### WHAT NEEDS TO BE DONE
The reply should hold only the lines below beginning at the one with "お金の袋を持つかわいいゆるい" and ending at the one with "이번 모의훈련에는 민원과", copied exactly, with every picture left out.

### GIVEN RECORDS
'''
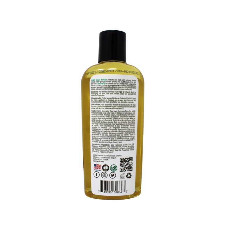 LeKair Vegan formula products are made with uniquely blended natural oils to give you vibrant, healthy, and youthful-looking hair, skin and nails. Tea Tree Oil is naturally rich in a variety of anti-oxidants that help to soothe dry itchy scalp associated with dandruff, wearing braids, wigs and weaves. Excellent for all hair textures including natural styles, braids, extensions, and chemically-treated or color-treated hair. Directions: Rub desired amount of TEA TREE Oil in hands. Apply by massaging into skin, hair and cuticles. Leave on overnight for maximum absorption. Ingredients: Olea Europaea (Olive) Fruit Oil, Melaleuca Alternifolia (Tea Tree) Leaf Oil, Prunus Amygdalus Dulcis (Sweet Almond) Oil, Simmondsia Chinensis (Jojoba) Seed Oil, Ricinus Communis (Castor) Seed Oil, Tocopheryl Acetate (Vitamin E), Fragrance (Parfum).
'''
'''
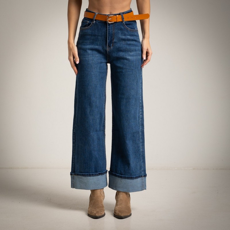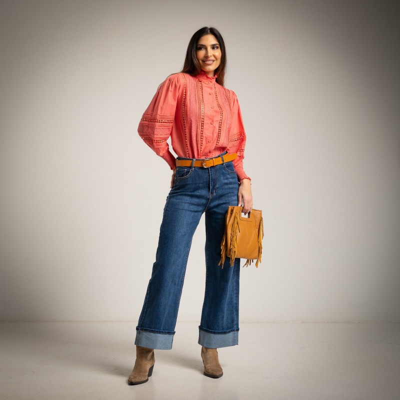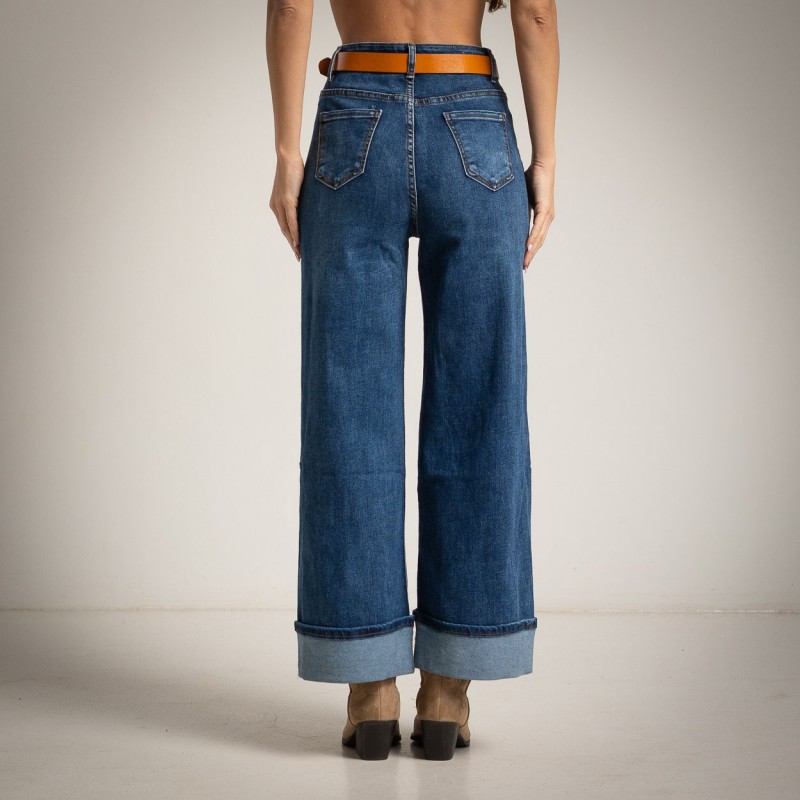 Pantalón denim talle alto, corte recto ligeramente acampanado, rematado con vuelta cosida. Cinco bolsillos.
'''
'''
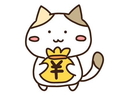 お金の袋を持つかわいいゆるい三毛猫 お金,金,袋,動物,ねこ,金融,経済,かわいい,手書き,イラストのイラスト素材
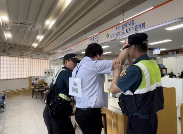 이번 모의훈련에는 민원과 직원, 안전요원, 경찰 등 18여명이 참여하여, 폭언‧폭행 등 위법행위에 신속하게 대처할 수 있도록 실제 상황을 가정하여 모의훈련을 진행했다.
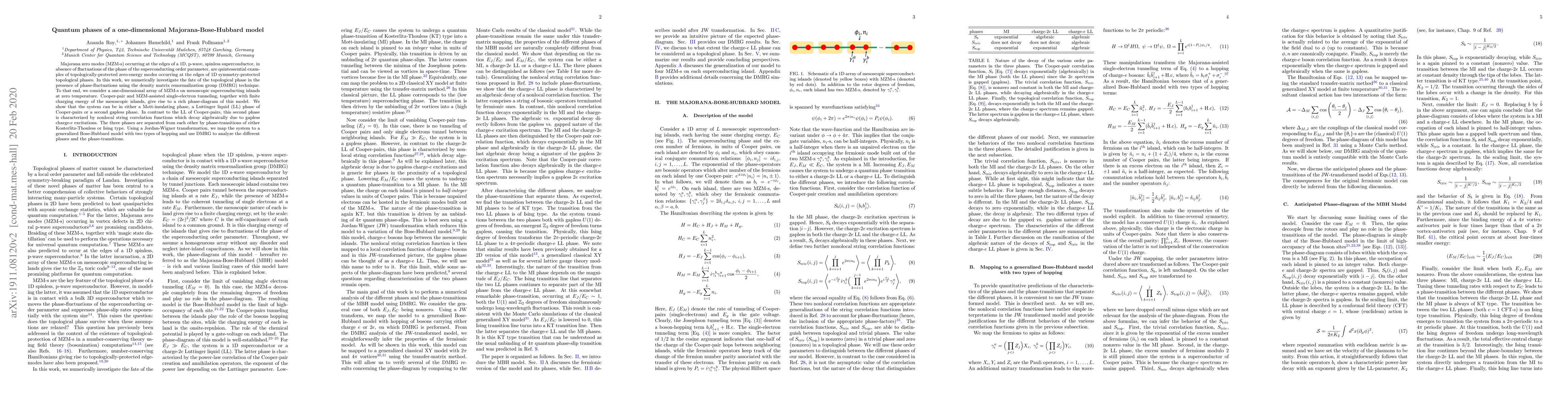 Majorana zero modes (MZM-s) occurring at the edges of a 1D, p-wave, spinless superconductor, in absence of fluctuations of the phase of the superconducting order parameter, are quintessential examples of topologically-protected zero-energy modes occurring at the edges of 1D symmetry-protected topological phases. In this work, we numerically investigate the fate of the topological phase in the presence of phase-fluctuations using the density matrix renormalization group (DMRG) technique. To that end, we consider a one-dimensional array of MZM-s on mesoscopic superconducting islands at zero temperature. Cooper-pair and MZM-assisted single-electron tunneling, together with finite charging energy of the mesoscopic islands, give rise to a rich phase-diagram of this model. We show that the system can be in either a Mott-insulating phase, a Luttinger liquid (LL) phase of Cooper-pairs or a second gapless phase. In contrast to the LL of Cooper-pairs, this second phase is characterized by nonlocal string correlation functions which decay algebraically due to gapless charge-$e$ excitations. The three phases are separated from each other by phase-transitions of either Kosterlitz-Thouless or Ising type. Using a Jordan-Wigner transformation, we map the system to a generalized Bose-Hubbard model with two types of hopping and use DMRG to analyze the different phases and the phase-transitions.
'''
### EXERCISE RESPONSE
 お金の袋を持つかわいいゆるい三毛猫 お金,金,袋,動物,ねこ,金融,経済,かわいい,手書き,イラストのイラスト素材
 이번 모의훈련에는 민원과 직원, 안전요원, 경찰 등 18여명이 참여하여, 폭언‧폭행 등 위법행위에 신속하게 대처할 수 있도록 실제 상황을 가정하여 모의훈련을 진행했다.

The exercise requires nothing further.